(Beginning of Supplied material)

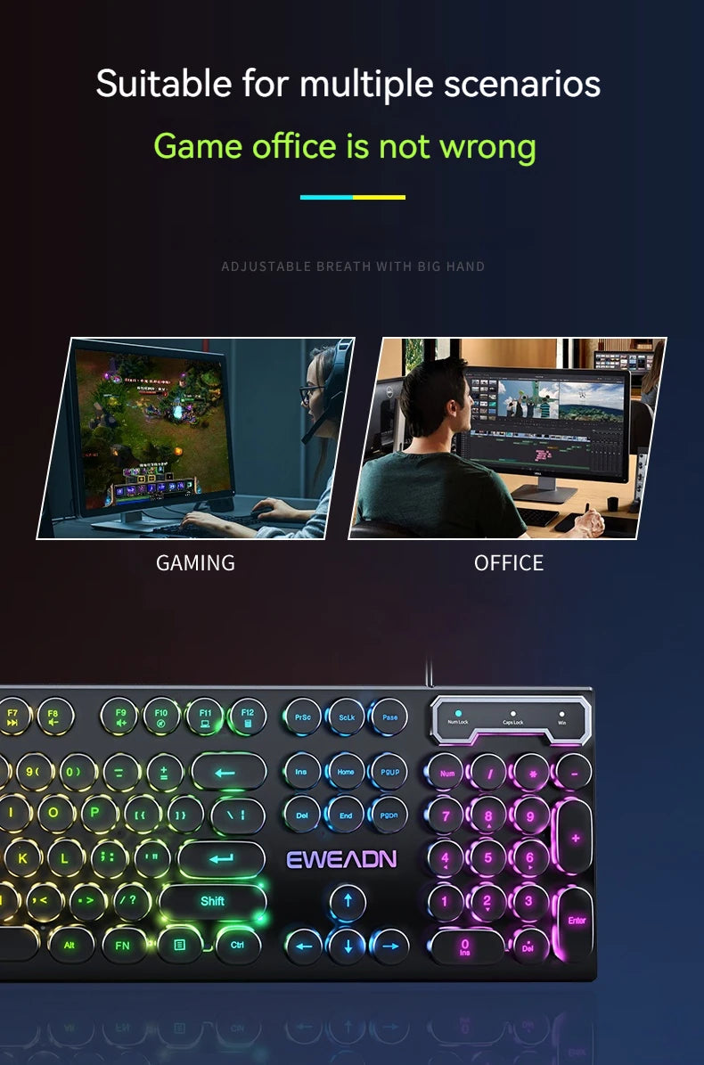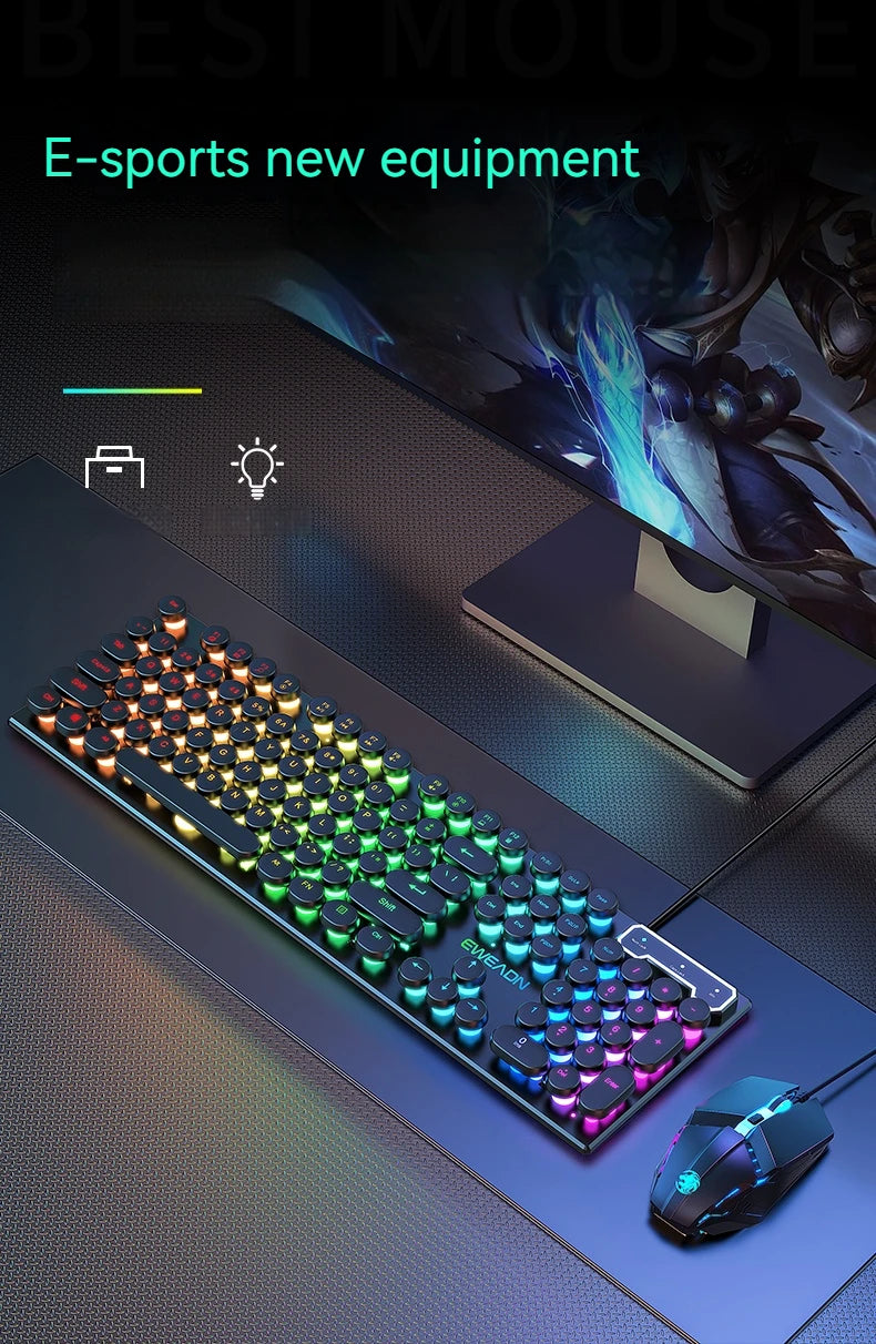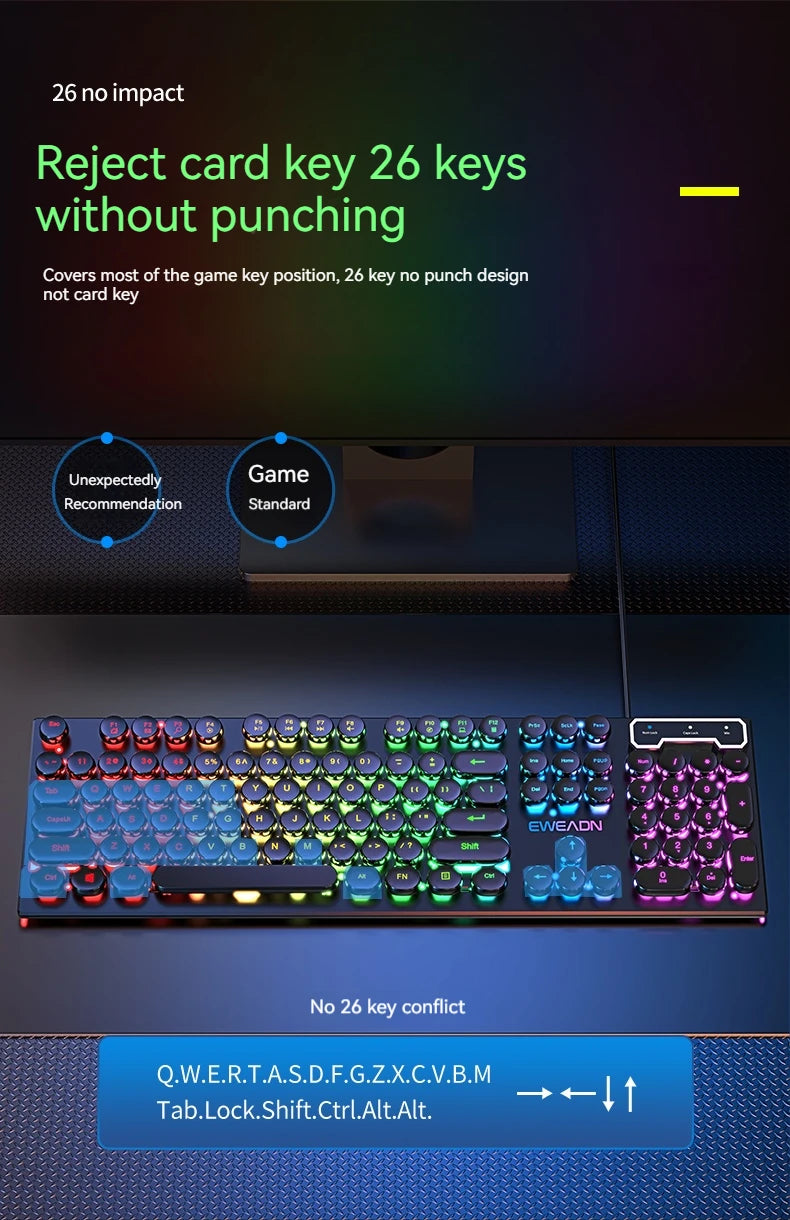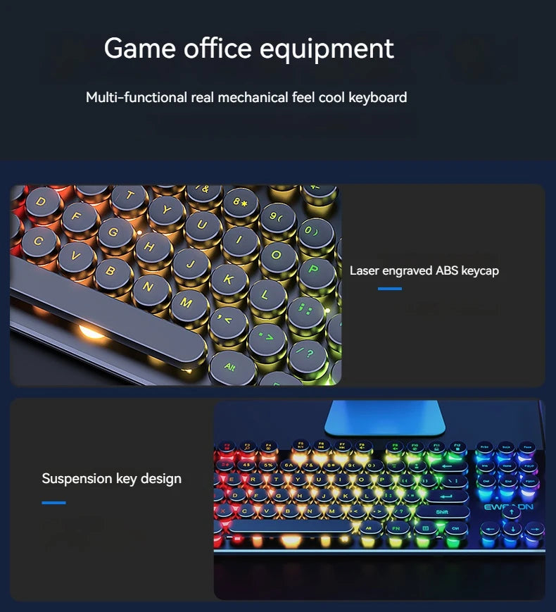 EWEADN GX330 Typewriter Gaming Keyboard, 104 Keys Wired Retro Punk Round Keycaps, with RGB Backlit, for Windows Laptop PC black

(End of Supplied material)
(Beginning of Supplied material)

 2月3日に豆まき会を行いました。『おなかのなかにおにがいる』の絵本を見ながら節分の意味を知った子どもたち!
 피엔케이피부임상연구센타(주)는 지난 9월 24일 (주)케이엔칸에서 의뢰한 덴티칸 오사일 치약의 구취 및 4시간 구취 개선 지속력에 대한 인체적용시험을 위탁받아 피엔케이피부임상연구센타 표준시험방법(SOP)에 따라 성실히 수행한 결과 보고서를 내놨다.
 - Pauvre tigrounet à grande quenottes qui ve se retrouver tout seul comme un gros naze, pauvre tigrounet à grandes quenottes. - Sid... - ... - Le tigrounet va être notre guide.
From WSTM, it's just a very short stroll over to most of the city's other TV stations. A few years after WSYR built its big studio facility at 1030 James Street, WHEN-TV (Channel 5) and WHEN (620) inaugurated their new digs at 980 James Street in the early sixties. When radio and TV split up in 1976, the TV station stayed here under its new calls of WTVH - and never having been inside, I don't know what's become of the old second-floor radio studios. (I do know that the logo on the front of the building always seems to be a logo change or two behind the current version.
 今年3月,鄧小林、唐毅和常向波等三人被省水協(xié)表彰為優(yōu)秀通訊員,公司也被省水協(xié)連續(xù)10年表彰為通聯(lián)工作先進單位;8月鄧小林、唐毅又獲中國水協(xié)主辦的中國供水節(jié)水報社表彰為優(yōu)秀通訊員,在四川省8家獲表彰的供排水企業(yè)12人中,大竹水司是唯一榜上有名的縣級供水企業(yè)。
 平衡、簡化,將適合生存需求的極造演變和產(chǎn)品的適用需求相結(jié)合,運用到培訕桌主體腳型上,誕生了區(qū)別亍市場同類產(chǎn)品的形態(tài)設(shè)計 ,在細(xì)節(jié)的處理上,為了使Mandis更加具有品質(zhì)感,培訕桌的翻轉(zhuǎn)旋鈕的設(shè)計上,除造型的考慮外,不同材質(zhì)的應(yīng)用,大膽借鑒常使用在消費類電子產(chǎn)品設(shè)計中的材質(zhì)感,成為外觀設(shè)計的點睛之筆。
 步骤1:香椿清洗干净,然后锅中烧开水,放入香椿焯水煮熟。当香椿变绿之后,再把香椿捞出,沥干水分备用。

(End of Supplied material)

• Assigned task:
In the listing above, find the line containing "피엔케이피부임상연구센타(주)는 지난 9월" and the line containing "From WSTM, it's", then repeat those two lines and everything between them exactly.

• Output for this exercise:
 피엔케이피부임상연구센타(주)는 지난 9월 24일 (주)케이엔칸에서 의뢰한 덴티칸 오사일 치약의 구취 및 4시간 구취 개선 지속력에 대한 인체적용시험을 위탁받아 피엔케이피부임상연구센타 표준시험방법(SOP)에 따라 성실히 수행한 결과 보고서를 내놨다.
 - Pauvre tigrounet à grande quenottes qui ve se retrouver tout seul comme un gros naze, pauvre tigrounet à grandes quenottes. - Sid... - ... - Le tigrounet va être notre guide.
From WSTM, it's just a very short stroll over to most of the city's other TV stations. A few years after WSYR built its big studio facility at 1030 James Street, WHEN-TV (Channel 5) and WHEN (620) inaugurated their new digs at 980 James Street in the early sixties. When radio and TV split up in 1976, the TV station stayed here under its new calls of WTVH - and never having been inside, I don't know what's become of the old second-floor radio studios. (I do know that the logo on the front of the building always seems to be a logo change or two behind the current version.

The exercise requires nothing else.